### Work item
Repeat the listing below line by line, exactly, leaving its pictures behind.
==== Dataset content
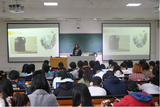 第二节课,陈洁讲解了Photoshop CS6基础知识,主要分Photoshop简介及应用领域、界面构成 、基本概念 和 简单基本操作 这四个方面。在讲解PS的使用过程中,她说到:要想做好一张图,就需要留意生活中的作品,培养对时尚的敏锐度,一件优秀的作品不是技巧的堆砌。
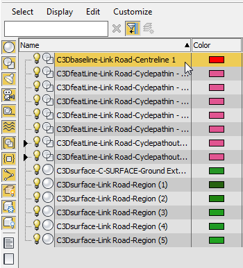 - On the Scene Explorer, select the centerline of the road, C3Dbaseline-Link Road-Centreline 1.
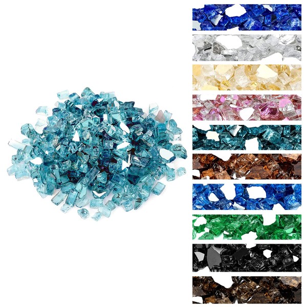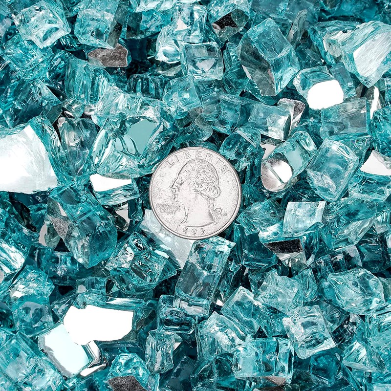 onlyfire 10 pounds Fire Glass for Propane Fire Pit and Gas Fireplace, 1/4 Inch Reflective Firepit Glass Rocks for Fire Pit Table and Fire Bowl, High Luster Aqua Blue
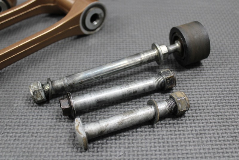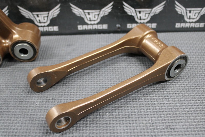 This OEM rear shock linkage is in good condition and shows normal signs of wear. No cracks or bends. Has painted painted bronze and coating is in good shape. All bearings turn freely and have been recently replaced except for the shock mounting eyelet bearing which is fairly seized and will likely need to be replaced. Overall good clean linkage. Comes with bolts as shown.
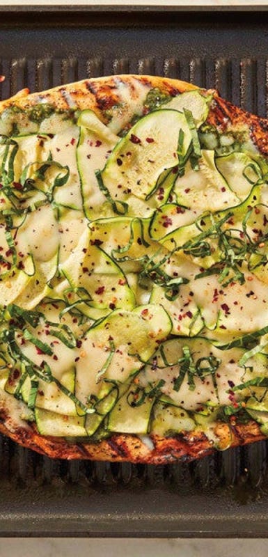 Once you get the hang of grilled pizza, you'll be bummed at all the time you lost NOT tossing your pizza onto the grill. Replace the pesto with tomato sauce and top with different combos of veggies (quick-cooking or precooked ones work best here) like grilled onions, sautéed mushrooms, or tomato slices.
========
### Response area
 第二节课,陈洁讲解了Photoshop CS6基础知识,主要分Photoshop简介及应用领域、界面构成 、基本概念 和 简单基本操作 这四个方面。在讲解PS的使用过程中,她说到:要想做好一张图,就需要留意生活中的作品,培养对时尚的敏锐度,一件优秀的作品不是技巧的堆砌。
 - On the Scene Explorer, select the centerline of the road, C3Dbaseline-Link Road-Centreline 1.
 onlyfire 10 pounds Fire Glass for Propane Fire Pit and Gas Fireplace, 1/4 Inch Reflective Firepit Glass Rocks for Fire Pit Table and Fire Bowl, High Luster Aqua Blue
 This OEM rear shock linkage is in good condition and shows normal signs of wear. No cracks or bends. Has painted painted bronze and coating is in good shape. All bearings turn freely and have been recently replaced except for the shock mounting eyelet bearing which is fairly seized and will likely need to be replaced. Overall good clean linkage. Comes with bolts as shown.
 Once you get the hang of grilled pizza, you'll be bummed at all the time you lost NOT tossing your pizza onto the grill. Replace the pesto with tomato sauce and top with different combos of veggies (quick-cooking or precooked ones work best here) like grilled onions, sautéed mushrooms, or tomato slices.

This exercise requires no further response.